Alaska has long crawled with visitors in the summer months. Now, more people are hopping aboard the Alaska Railroad for winter tourism here, too.
The number of passengers taking the train between Anchorage and Fairbanks during cold, snowy months has shot up over the last few years. The railroad has added more train service to accommodate them. Some tour companies have even beefed up their winter offerings to court such visitors.
One driver is tourists visiting from Asia, often on hopeful trips to see the aurora borealis, said Dale Wade, vice president of marketing at the railroad.
“Winter is suddenly very popular, and it’s growing steadily for the last three years,” said Wade. Before that, there wasn’t a “significant market for it," he said.
Ridership on the Alaska Railroad’s winter passenger trains grew 33 percent between the winter of 2015-16 and the following winter, said spokeswoman Meghan Clemens. That’s “the largest single jump year-over-year," she said in an email.
For years, winter passenger train service between Anchorage and Fairbanks typically only ran on the weekends from late September through early May. In 2014, the railroad added midweek trains between the two cities and there have been more departures added since, said Clemens.
In the winter of 2012-13, there were 66 days of winter passenger train service. Compare that to 102 days this season.
It’s not just rail passengers; Over much of the last decade, Alaska visitor numbers in the fall and winter have been on the rise overall. Visitor volume in the fall and winter grew 33 percent between the 2008-09 season to last year’s, according to the McDowell Group, an Anchorage research firm.
The Chinese market has “exploded” over the last several fall and winter seasons, according to a McDowell Group report.
One Anchorage company, Alaska Skylar Travel, focuses on bringing Chinese tourists to Alaska. The business has its roots in Beijing, and it targets the Mandarin-speaking market.
In its first winter, the business had about 350 clients, said operations manager Glen Hemingson. That number has since swelled, reaching about 5,000 clients last season in its fourth winter, and the staff has grown.
Hemingson largely credits the company’s marketing efforts, much of which takes place in China.
“Increasingly we see visitors from more Southeast Asian countries, including the Philippines, Vietnam, Malaysia, Singapore,” Hemingson said.
While U.S.-China trade relations have been strained recently in a tariff war, that doesn’t seem to have harmed Asian tourism here, said Wade.
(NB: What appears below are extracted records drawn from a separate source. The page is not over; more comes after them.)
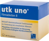 utk uno Filmtabletten B. Wirkstoff: Brennnesselwurzel-Trockenextrakt. Anwendungsgebiete: pflanzliches Arzneimittel zur Besserung von Prostata-bedingten Harnbeschwerden. Warnhinweis: Enthält Lactose.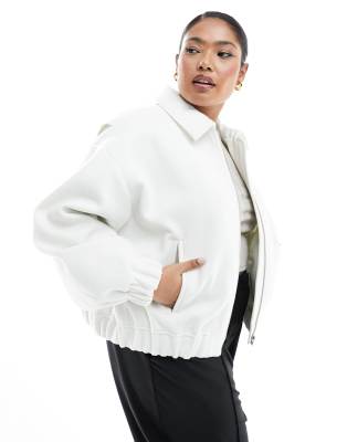 ASOS CURVE Asos Design Curve Textured Bomber Jacket With Collar Detail In Ecru-white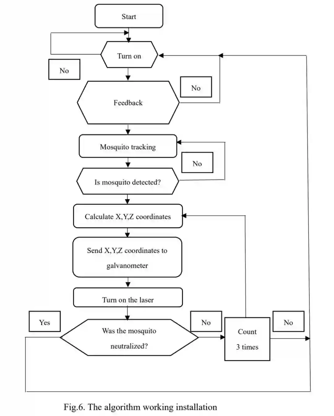 这一激光灭蚊系统的工作流程如下图所示。首先,利用摄像头及系统内置的算法确定蚊子的位置并算出它的坐标,然后将这一坐标传递给电流计。在发射之前,电流计可以借助镜子来改变激光的方向,从而瞄准蚊子。在激光发出之后,如果蚊子被打中,系统将开始新一轮的工作,如果没有,系统将重新计算蚊子的坐标并进行再次打击。考虑到蚊子的运动轨迹比较多变,研究者还分析了影响蚊子飞行的各种因素(比如气味、风速等),并列出了一个预测蚊子轨迹的公式。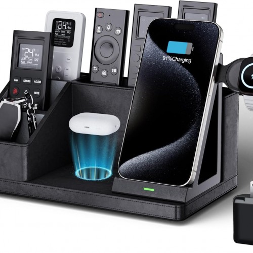 KINGFOM Leather Desk Organizer with Charging Station Multi-Functional Phone Pen Pencil Holder for Desk Desk Organizers and Accessories for Office Home Supplies (L)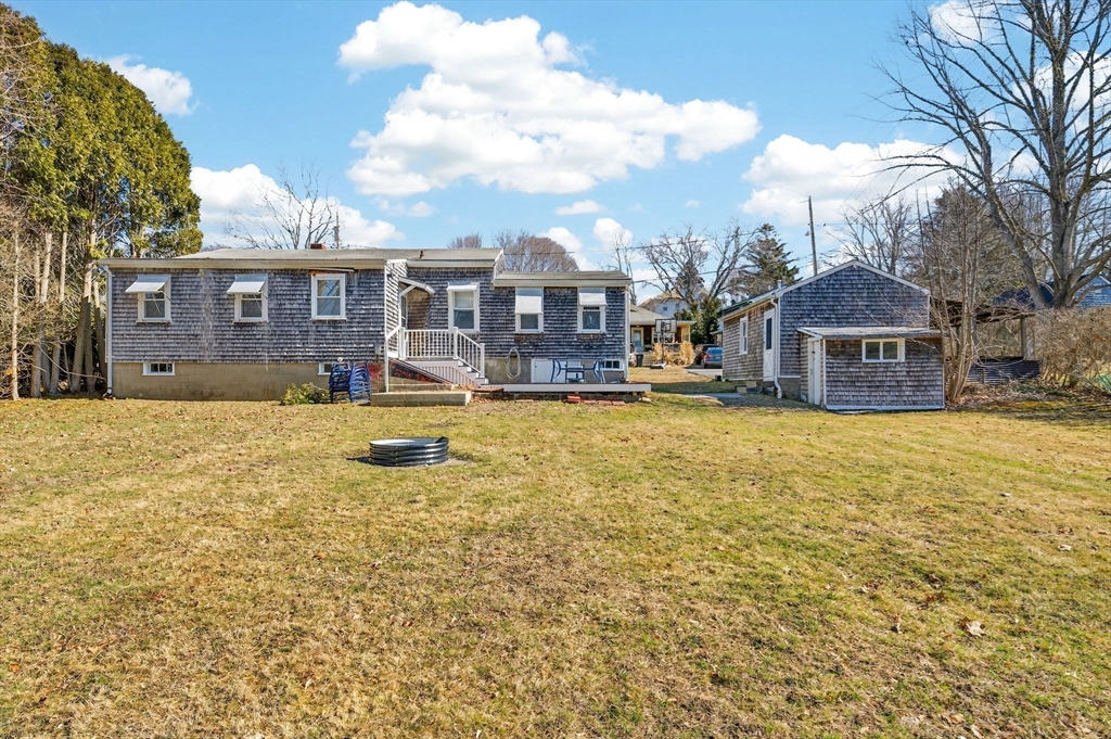 Located in the highly desirable Village of Padanaram in South Dartmouth, this charming ranch offers a rare opportunity to enjoy coastal living with deeded beach rights on a generous 1/3- acre lot. Whether you envision a year-round residence, seasonal retreat, or investment property, the possibilities are endless. Enjoy morning coffee on the newly refreshed front porch or spectacular sunsets from the newly built composite deck overlooking the extensive back yard. Inside, the home features an open living area and three comfortable bedrooms, all with ample closet space. The updated kitchen with dining area flows easily for everyday living while the convenient mudroom provides functionality and access to the outdoor deck. Recent updates include a new hot water tank (2024) and upgraded 200-amp electrical service. The property also includes a detached one-car garage with an attached storage shed. An exceptional opportunity in a prime location!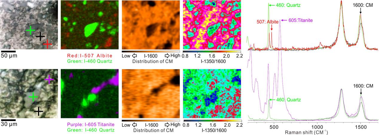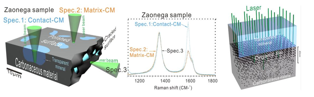 近日,地外海洋系統研究室屈原皋研究員及其團隊運用拉曼光譜學方法在古元古代(約20億年前)地層中發現熱液流體中有機分子以礦物為模板有序排列并在礦物表面組裝形成類似有機膜的結構。此過程中受溫度、壓強、礦物晶型、表面電荷等綜合因素影響,最終導致礦物表面有機膜的分子有序度不同。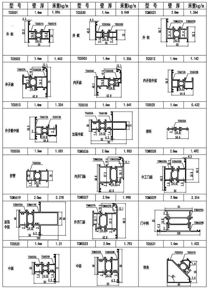 TC55系列穿條節(jié)能平開窗型材圖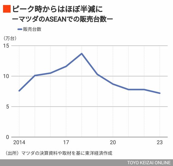 ASEAN全体としても厳しい。2023年度は7.7%減の7万2000台。他国が補ってタイ1国より減少率は小さく済んでいるが、2018年度の13万7000台からはほぼ半減の水準だ。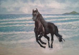 Riprendiamo il nostro cavallo, per il momento ho rivisto il mare, le onde che risultavano troppo grossolane, sono state revisionate, anche la schiuma in alcuni punti risultava eccessiva. La pittura ad olio è qualcosa di empirico, si procede sempre per tentativi.

“I think Alaska is a favored location for Asian visitors, despite the conflicts that seem to be arising politically between U.S. and China relations,” he said. “We’re enjoying the sweet spot in between that."
Alaska has been working to strengthen its ties with China, too. Earlier this year, former Gov. Bill Walker’s office announced new year-round direct passenger flights between Anchorage and the northeast China city Harbin, set to start in 2019.
And it’s not just tourists from Asian countries who are taking the railroad to see the northern lights and snowy mountains. The top markets for winter visitors riding the trains are the U.S., Australia, China, Taiwan and Canada, said Clemens, with the railroad.
There’s been so much added interest in taking the train during the winter that it’s been “a little frustrating” for reservation agents, she said.
One simple explanation for booming winters?
“It’s beautiful,” said Adriel Butler, co-owner at Borealis Basecamp, located outside Fairbanks. There, people can stay in geodesic domes with big windows for aurora-gazing from the comfort of a bed.
“Cities are not beautiful when it snows,” he said. “Cities are a jumbled mess when it snows. Whereas when you’re out in rural or remote-ish type of environments where the snow is undisturbed, it’s incredibly beautiful.”
Sarah Leonard, president of the Alaska Travel Industry Association, said she’s noticed more winter offerings from tourism companies here.
“We’re seeing an increase in popularity in people wanting to see the aurora,” she said.
At Alaska Skylar Travel, things started based on tourists' desire to come see the northern lights, Hemingson said. But since then, it has grown to offer more. That includes city tours, snowmachining and dog sledding.
“We’re offering more tour opportunities during the winter for activities, particularly in Fairbanks,” he said.
Last winter, in its first year of operations, about 60 percent of Borealis Basecamp’s guests were from Asia, said Butler. This year, less than half. There’s been an uptick in visitors from the Lower 48, Canada, and Latin America, he said.
“The freight is such a large portion of our business, but when they decline, the overall revenues of our railroad decline,” Wade said. “But passenger business has been very strong.”